Here is how to find the principal components:

In [None]:
Z = pca.transform(vectorized_threes)
Z.shape

Visualize the first two:

In [None]:
fig, ax = plt.subplots(dpi=150)
ax.scatter(Z[:, 0], Z[:, 1])
ax.set_xlabel('$z_1$')
ax.set_ylabel('$z_2$');

Alright! Each dot in this plot corresponds to an image of a 3.
This is nice, but not the best thing we can do in terms of visualization.
It would be nice if we could plot the actual image instead of a dot.
Here is how to do this:

In [None]:
# The following code is a modification of the code found here:
# https://stackoverflow.com/questions/35651932/plotting-img-with-matplotlib
from matplotlib.offsetbox import OffsetImage, AnnotationBbox
from matplotlib.cbook import get_sample_data
def imscatter(x, y, images, cmap=plt.cm.gray_r, ax=None, zoom=1):
    x, y = np.atleast_1d(x, y)
    artists = []
    for x0, y0, image in zip(x, y, images):
        im = OffsetImage(image, zoom=zoom, cmap=cmap, interpolation='nearest')
        ab = AnnotationBbox(im, (x0, y0), xycoords='data', frameon=False)
        artists.append(ax.add_artist(ab))
    ax.update_datalim(np.column_stack([x, y]))
    ax.autoscale()
    return artists

Here it is:

In [None]:
fig, ax = plt.subplots(dpi=150)
imscatter(Z[:, 0], Z[:, 1], threes, ax=ax, zoom=0.2)
ax.set_xlabel('$z_1$')
ax.set_ylabel('$z_2$');

In this plot you can clearly see the interpretation of the principal components.
The first principal component seems to rotate the three about an axis coming out of the screen.
The second principal component seems to change the thickness of the bottom of the three.
We can study these effects in more detail using an interactive plot.
Here you go:

In [None]:
from ipywidgets import interactive
def visualize_pca_component(i=0, z=0.0):
    fig, ax = plt.subplots(dpi=64)
    x = pca.mean_ + z * np.sqrt(pca.explained_variance_[i]) * pca.components_[i]
    ax.imshow(x.reshape((28, 28)), cmap=plt.cm.gray_r, interpolation='nearest')
    ax.set_xticks([])
    ax.set_xticklabels([])
    ax.set_yticks([])
    ax.set_yticklabels([])
interactive(visualize_pca_component, i=[0, 1, 2, 3], z=np.linspace(-2.0, 2.0, 100))

### Questions

+ Keeping the index $i=0$ fixed, play with the corresponding $z$ and observe that it rotates the three.
+ Change $i$ to $1,2$ and $3$ and study the effect of the corresponding principal component.

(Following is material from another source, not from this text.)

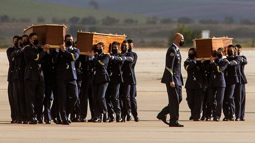 Los cuerpos de David Beriain, Roberto Fraile y Rory Young han llegado este viernes a las 8.55 a la base de Torrejón de Ardoz (Madrid) a bordo de un Airbus 310 del grupo 45 del Ejército del Aire. Los cadáveres han sido recibidos por familiares y amigos de los dos periodistas y por las ministras de Asuntos Exteriores, Arancha González Laya, y Defensa, Margarita Robles, así como por la embajadora irlandesa en España, Sile Maguire, y el secretario general de Reporteros Sin Fronteras, Alfonso Bauluz.
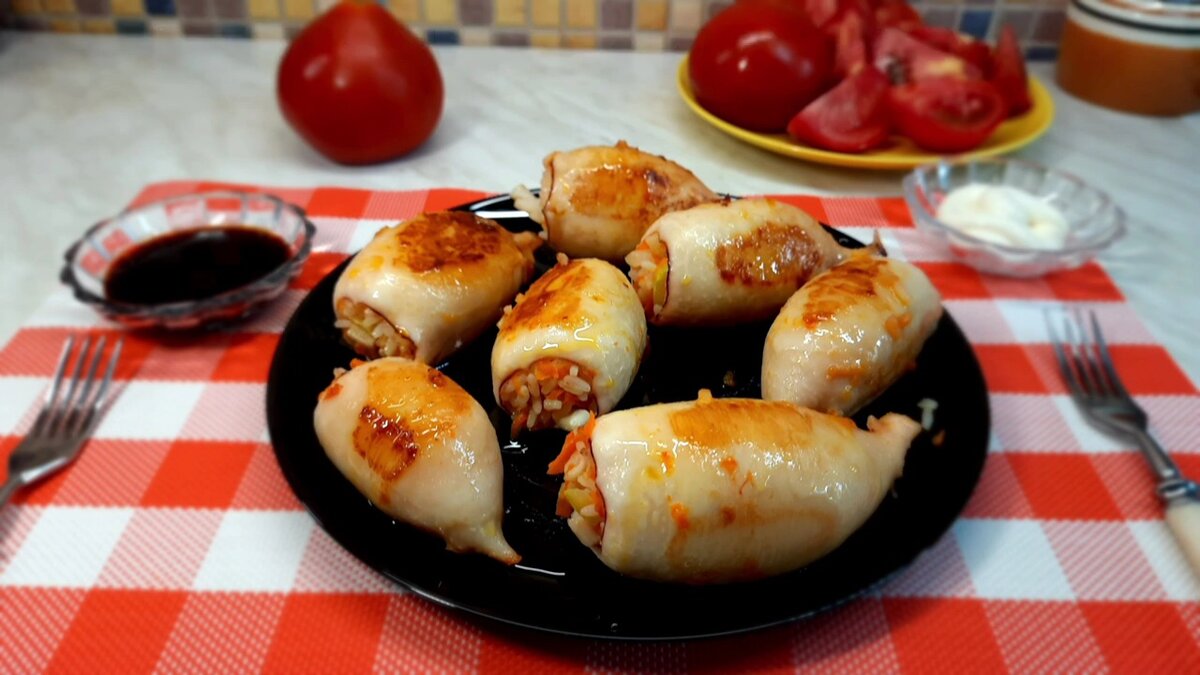 Всем привет! С вами Мила. Рада приветствовать вас на своём канале. Сегодня мы будем готовить фаршированные рисом и овощами кальмары. Рецептов этого блюда много, но эта начинка не только самая простая и полезная, а ещё и очень вкусная. 📌Фаршированные кальмары - это замечательная закуска к праздничному столу или же полноценное второе блюдо на обед или на романтический ужин. В кальмарах много белка и минералов, низкокалорийный кальмар хорошо подойдёт тем, кто следит за своей фигурой и здоровьем. Отвариваем рис до готовности. В кастрюлю с кипящей водой опускаем тушки кальмаров Сварить кальмары можно всего лишь на 30- 40 секунд. За это время кальмар сварится и почти не потеряет в размере. Если кальмары переварить, мясо будет жёстким , безвкусным, как бы резиновым. Вытаскиваем тушки и помещаем их на несколько минут в холодную воду, потом очищаем от плёнок и хребтов Хвостики кальмаров нарезаем мелкими кубиками. Целые тушки оставляем для фарширования. Готовый рис промываем холодной в

Now we are going to study the reconstruction error for the validation dataset.
First, throw everything that is not a three:

In [None]:
valid_threes = x_test[y_test==3]
valid_threes.shape

We have 1,010 images for validation.
We still need to vectorize.
Let's do it:

In [None]:
vectorized_valid_threes = valid_threes.reshape(valid_threes.shape[0], valid_threes.shape[1] * valid_threes.shape[2])

Now, what I am going to do is project all the validation points:

In [None]:
Z_valid = pca.transform(vectorized_valid_threes)

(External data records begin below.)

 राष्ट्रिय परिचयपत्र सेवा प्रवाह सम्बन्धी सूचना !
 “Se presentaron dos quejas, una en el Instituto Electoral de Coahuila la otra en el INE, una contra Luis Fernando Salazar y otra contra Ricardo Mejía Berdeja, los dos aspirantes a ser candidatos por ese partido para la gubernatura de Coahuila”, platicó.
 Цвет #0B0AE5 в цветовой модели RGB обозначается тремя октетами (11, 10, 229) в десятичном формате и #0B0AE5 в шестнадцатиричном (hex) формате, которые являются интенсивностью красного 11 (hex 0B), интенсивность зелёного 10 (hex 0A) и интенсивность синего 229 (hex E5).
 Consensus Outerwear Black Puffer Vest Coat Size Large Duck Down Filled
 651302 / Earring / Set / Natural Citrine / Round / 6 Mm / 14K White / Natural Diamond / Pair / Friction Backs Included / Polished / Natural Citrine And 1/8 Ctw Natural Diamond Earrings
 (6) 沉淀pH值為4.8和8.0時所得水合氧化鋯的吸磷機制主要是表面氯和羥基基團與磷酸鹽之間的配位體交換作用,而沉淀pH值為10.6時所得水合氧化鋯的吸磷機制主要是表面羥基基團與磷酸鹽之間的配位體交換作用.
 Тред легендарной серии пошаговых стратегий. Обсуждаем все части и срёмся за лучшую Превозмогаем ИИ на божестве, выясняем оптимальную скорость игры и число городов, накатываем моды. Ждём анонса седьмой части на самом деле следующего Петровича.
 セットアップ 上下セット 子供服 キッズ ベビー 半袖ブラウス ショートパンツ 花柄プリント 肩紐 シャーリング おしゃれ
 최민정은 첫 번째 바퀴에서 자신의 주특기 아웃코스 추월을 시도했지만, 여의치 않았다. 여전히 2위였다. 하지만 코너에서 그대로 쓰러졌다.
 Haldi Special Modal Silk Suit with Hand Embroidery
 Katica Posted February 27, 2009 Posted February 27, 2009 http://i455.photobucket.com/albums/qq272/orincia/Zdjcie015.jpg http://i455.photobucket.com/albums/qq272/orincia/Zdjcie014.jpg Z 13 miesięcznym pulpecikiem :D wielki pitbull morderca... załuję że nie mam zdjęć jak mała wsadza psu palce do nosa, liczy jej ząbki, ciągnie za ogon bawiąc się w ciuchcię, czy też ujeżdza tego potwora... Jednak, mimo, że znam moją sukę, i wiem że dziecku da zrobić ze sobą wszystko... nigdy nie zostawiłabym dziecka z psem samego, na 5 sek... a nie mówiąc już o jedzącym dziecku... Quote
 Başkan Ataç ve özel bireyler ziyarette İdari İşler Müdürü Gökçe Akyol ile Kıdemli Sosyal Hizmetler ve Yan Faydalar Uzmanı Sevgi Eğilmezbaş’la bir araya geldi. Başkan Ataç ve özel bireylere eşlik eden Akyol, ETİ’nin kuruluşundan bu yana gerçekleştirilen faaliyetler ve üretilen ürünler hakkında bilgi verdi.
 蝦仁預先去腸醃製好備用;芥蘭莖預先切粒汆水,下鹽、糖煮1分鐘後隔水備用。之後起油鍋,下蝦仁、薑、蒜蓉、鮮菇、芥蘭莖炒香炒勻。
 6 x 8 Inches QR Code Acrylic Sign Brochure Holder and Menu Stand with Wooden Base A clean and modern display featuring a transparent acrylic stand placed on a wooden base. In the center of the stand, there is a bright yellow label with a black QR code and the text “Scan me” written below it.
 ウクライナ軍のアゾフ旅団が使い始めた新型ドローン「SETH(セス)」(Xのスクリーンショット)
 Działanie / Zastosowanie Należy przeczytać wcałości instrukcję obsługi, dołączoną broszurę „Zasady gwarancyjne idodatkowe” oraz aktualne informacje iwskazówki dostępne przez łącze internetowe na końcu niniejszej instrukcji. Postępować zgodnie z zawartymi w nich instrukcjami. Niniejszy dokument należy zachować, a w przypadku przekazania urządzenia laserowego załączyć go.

And then reconstruct them and compare them.

In [None]:
# Which validation example would you like to look at:
idx = 1
# How many componentd would you like to use for the reconstruction
n_components = 1
# Here is how to reconstruct:
x = pca.inverse_transform(
    np.hstack([Z_valid[idx][:n_components], 
               np.zeros((Z_valid.shape[1] - n_components,))]))

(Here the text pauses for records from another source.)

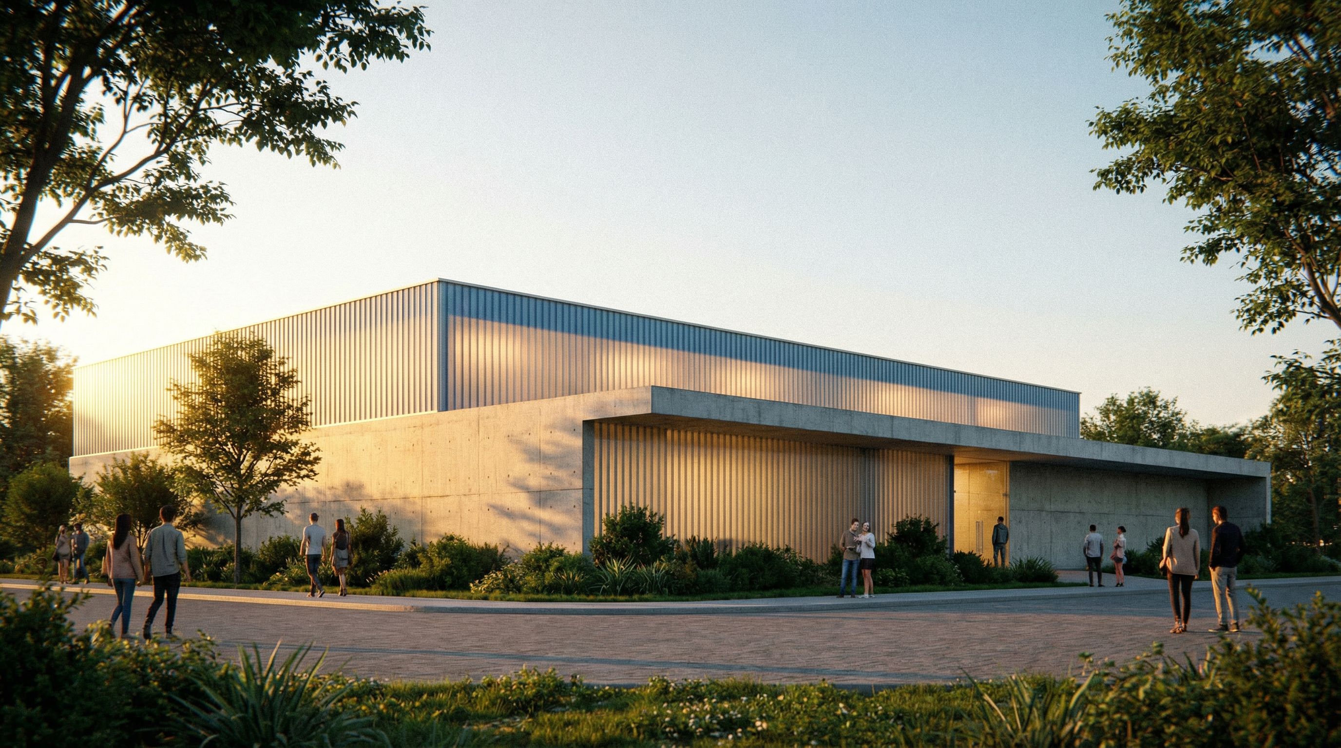 You are professional photographer and expert architect, you role is to transform the input into realistic photograph and add photography effects like chromatic abberation, ISO noise, Film grain, Sharpening pass, Soft glow, Exposure correction, Tone mapping, Bloom + glare mix. Composition: Always keep same input composition and camera angle, accordingly NEVER EVER crop the input or change the angle unless otherwise is mentioned in the user instructions regarding camera angle or composition. For example: if input is a tower, it should be fully visible. Additional guidance: consider the user instructions provided below to help you. Text: if input contains text, ensure to render it correctly. Errors: final output should be 100% correct without any errors or strange things. Input type: you are expected to handle different input types like clay model inputs, freehand sketches, photos, you have to think first how to transform each one into an ideal photograph Creativity and adding details: exteriors: add elements like landscape, context if needed to make the scene perfect award-winning shot. interiors: materials, textures, interior accessories,..etc. Final Result: final result quality always should tend to look like a realistic photograph unless user specifies different style below. User Instructions: "cinematic render, lower part concrete facade, upper part profile glass, keep exact camera angle. Type: architectural exterior. Input: 3D mass model. Lighting: golden hour warm lighting. Add: people, greenery and vegetation, trees"
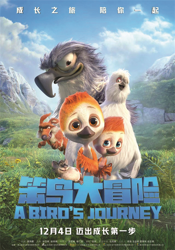 《笨鸟大冒险》 《笨鸟大冒险》以鸻鹬鸟小伊的视角,讲述了它克服心中恐惧,最终突破自我学会飞翔的华丽成长之旅。刚出生的鸻鹬鸟因练习飞行时遭遇老鹰袭击而没能学会飞行,直到冬天到来群鸟南飞之时,不会飞行的它被迫离队,只能徒步前往避难地——天堂谷。在被天敌追击的过程中,它爬过悬崖,越过草地,翻越山岭,成长为了更勇敢的自己。 在影片发布的定档海报中,“主人公”小伊护住身旁的小雅警惕地目视前方,两人身后,它们的天敌——老鹰正虎视眈眈地望着它们,胶着的场景让人不禁为小伊捏了一把汗,也开始担心它究竟能否保护住自己的朋友?能否学会飞翔?这场冒险之旅也因此充满了挑战和未知。
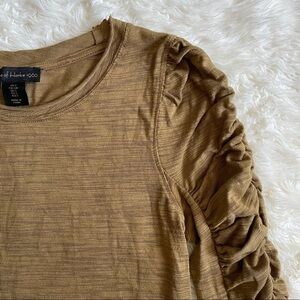 House of Harlow 1960 Shirt Ruched Long Sleeve Tee Bronze Olive S
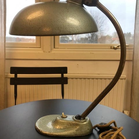 Patina i färgen ...tryckknapp fungerar ...lite patina där men funktionsmässigt ok ...bordsfäste ej original men fungerar

# Visualize the original image
fig, ax = plt.subplots(dpi=64)
ax.imshow(valid_threes[idx], cmap=plt.cm.gray_r, interpolation='nearest')
ax.set_xticks([])
ax.set_xticklabels([])
ax.set_yticks([])
ax.set_yticklabels([])

# Visualize the reconstructed image
fig, ax = plt.subplots(dpi=64)
ax.imshow(x.reshape((28, 28)), cmap=plt.cm.gray_r, interpolation='nearest')
ax.set_xticks([])
ax.set_xticklabels([])
ax.set_yticks([])
ax.set_yticklabels([]);

### Questions
+ Play with the code block above increasing ``n_components`` to 2, 4, 8, and so on up to 227. Observe how the reconstruction becomes better (but not perfect).
+ Repeat the above question, but change also the ``idx`` variable so that you see some more examples of three.
+ Go back a few code blocks, and change your validation set to include only fives.
You must change this:
```
valid_threes = x_test[y_test==3]
valid_threes.shape
```
to this:
```
valid_threes = x_test[y_test==5]
valid_threes.shape
```
Don't bother renaming ``valid_threes``.
Can the PCA model constructed with threes describe 5s? Why yes or why not?
+ Repeat the previous question with a couple of other digits.